Walter von Saint Paul-Illaire or Adalbert Emil Walter Le Tanneux von Saint Paul-Illaire (born 1860; died 1940) was a German colonial official in East Africa. He hailed from the noble family of Le Tanneux von Saint Paul, which had moved to Prussia in the 17th century. The genus Saintpaulia of the African violet was named in his honour after he discovered it in the Usambara Mountains and had sent its seeds in 1893 to Hermann Wendland, the German botanist and Chief Royal gardener at the Herrenhausen Gardens in Hanover, who gave the plant its first description, calling it the Usambara veilchen ('Usambara violet').

==Life==

Walter von Saint Paul-Illaire, was born on January 12, 1860, in Berlin, Kingdom of Prussia.
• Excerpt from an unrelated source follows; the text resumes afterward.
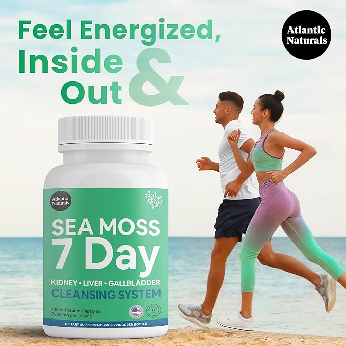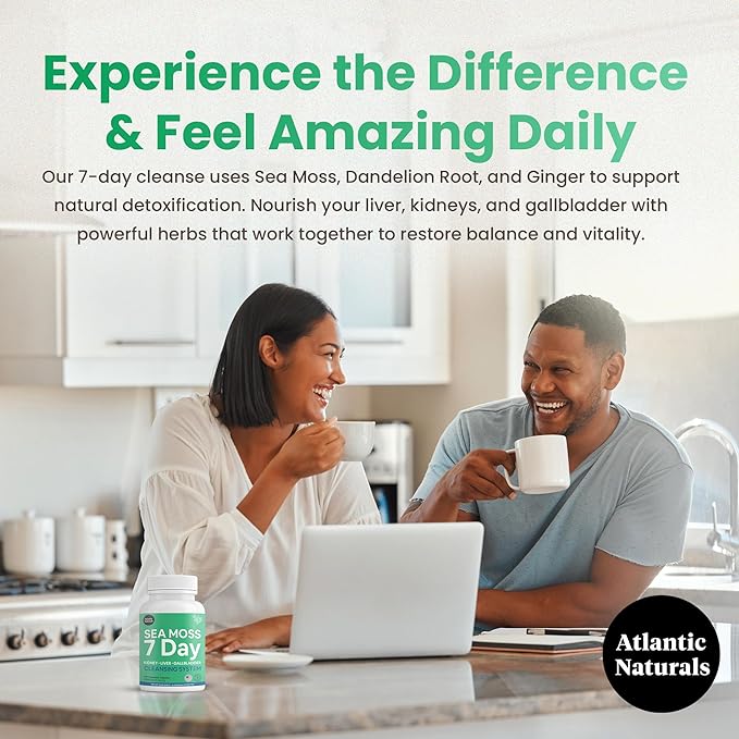 Atlantic Naturals Sea Moss 7 Day Detox Liver, Gallbladder & Kidney Cleanse Capsules- Support with Dandelion Root, Milk Thistle, Burdock Root, Red Clover, Chanca Piedra - 180 Sea Moss Capsules

He was the son of the naval officer and member of the Reichstag, Ulrich von Saint Paul-Illaire (1833-1902), was promoted to lieutenant in the Prussian army. His father was very interested in trees, especially firs, and corresponded with George Engelmann, the Missouri physician and botanist, about his wish to introduce and exploit the economic potential of Abies Engelmannii (Picea Engelmannii), or the Engelmann spruce. It is highly likely that Walter, his son, inherited his passion for botany.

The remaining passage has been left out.